Description of the task:
Please keep the pictures out and write out exactly the lines from the first in the data below through the one containing "this exclusive design.", both included.

Supplied material:
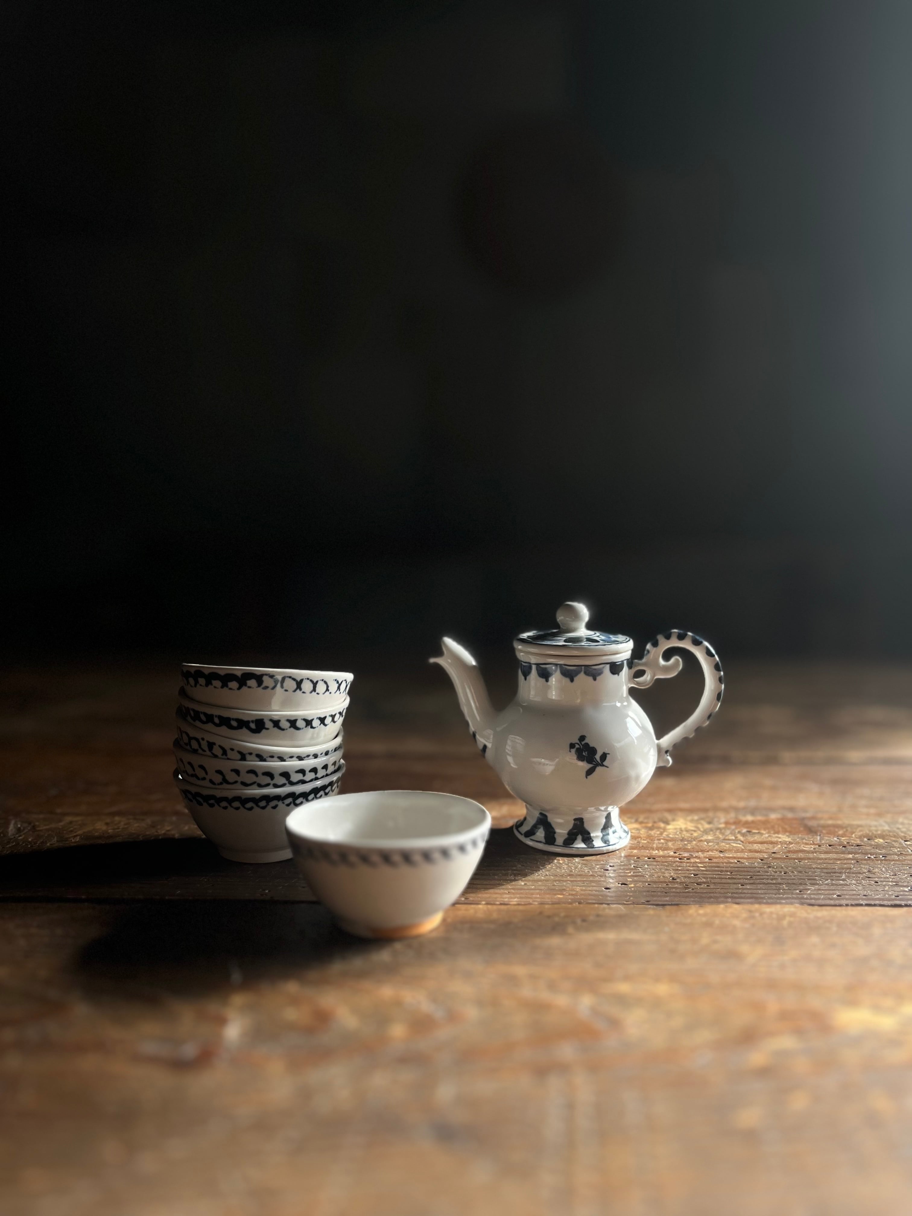 清々しい藍色で描かれた図案に、まあるいお腹。高台も魅力。
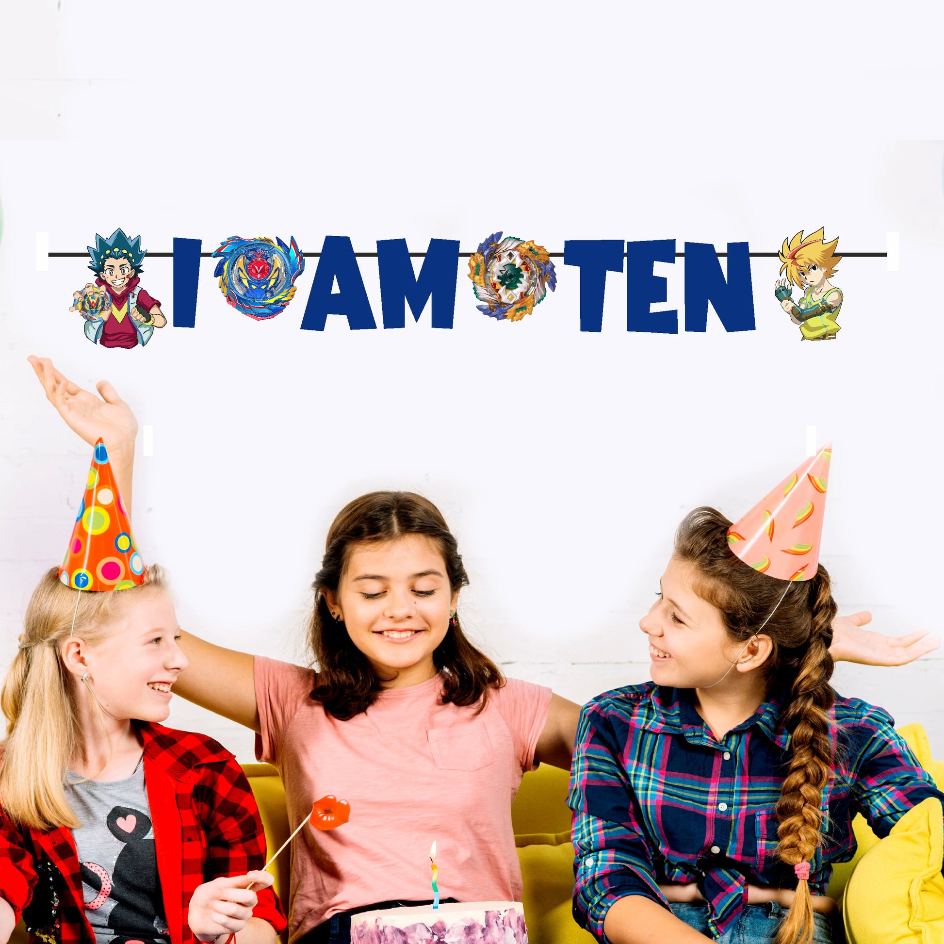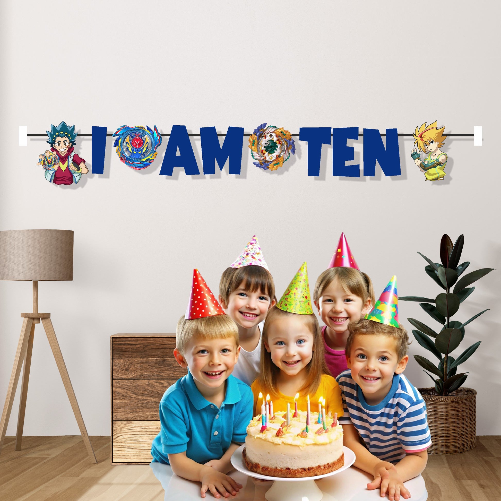 Celebrating another year of spinning power! Our personalized Beyblade Age Bunting is designed with colorful flags featuring powerful Beyblades and dynamic action graphics, proudly displaying the birthday child's new age. It's the perfect decoration to highlight their milestone year and bring high-energy action to the party!
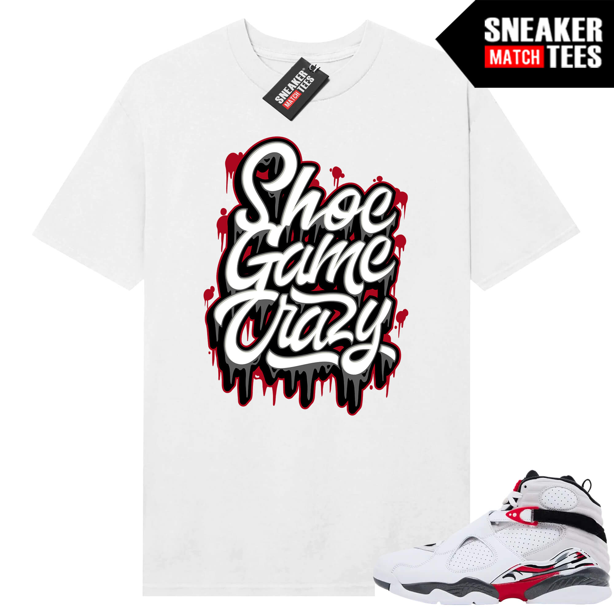 The “Shoe Game Crazy” Tee shirt was designed to match with your Jordan 8 sneakers. This design is exclusive to Sneaker Match Tees Online shop. Complete your Sneaker outfit with this exclusive design.
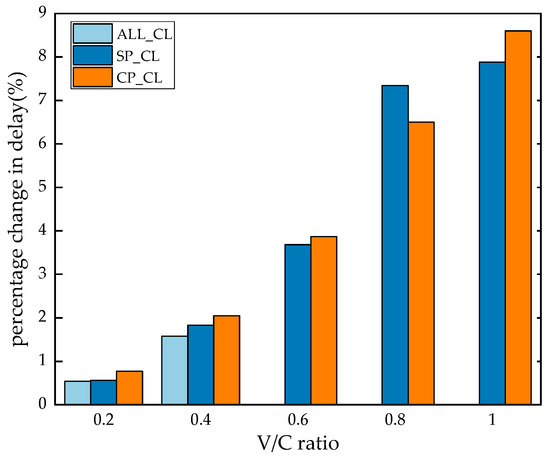 In addition, to further compare the impact of three lane-change guidance strategies on traffic flow, Figure 11 shows the percentage change in traffic flow delay under different platoon lane-change guidance strategies. It can be seen that the three lane-changing guidance strategies have similar adverse effects on traffic flow. In situations where the road traffic environment is good, ALL_CL has the least adverse impact on traffic flow when the platoon changes lanes. This is because ALL_CL relies on good road traffic conditions, and the platoon vehicles do not frequently change lanes. As the V/C ratio increases, the percentage of delay in traffic flow increases, indicating that when traffic conditions are poor, the lane-changing behavior of the platoon has a greater adverse impact on traffic flow. In addition, the delay growth rate of traffic flow under SP_CL is 226.78%, 101.09%, 99.45%, and 6.8% as the V/C ratio increases, indicating that when the V/C is greater than 0.8, the adverse impact of SP_CL on the traffic flow remains stable and is less affected by the V/C ratio. The growth rates of traffic flow delay for CP_CL are 159.74%, 88.78%, 67.95%, and 32.3% as the V/C ratio increases. The growth rates steadily decrease, indicating that as the V/C ratio increases, CP_CL gradually decreases the negative benefits on traffic flow.

Reply:
 清々しい藍色で描かれた図案に、まあるいお腹。高台も魅力。
 Celebrating another year of spinning power! Our personalized Beyblade Age Bunting is designed with colorful flags featuring powerful Beyblades and dynamic action graphics, proudly displaying the birthday child's new age. It's the perfect decoration to highlight their milestone year and bring high-energy action to the party!
 The “Shoe Game Crazy” Tee shirt was designed to match with your Jordan 8 sneakers. This design is exclusive to Sneaker Match Tees Online shop. Complete your Sneaker outfit with this exclusive design.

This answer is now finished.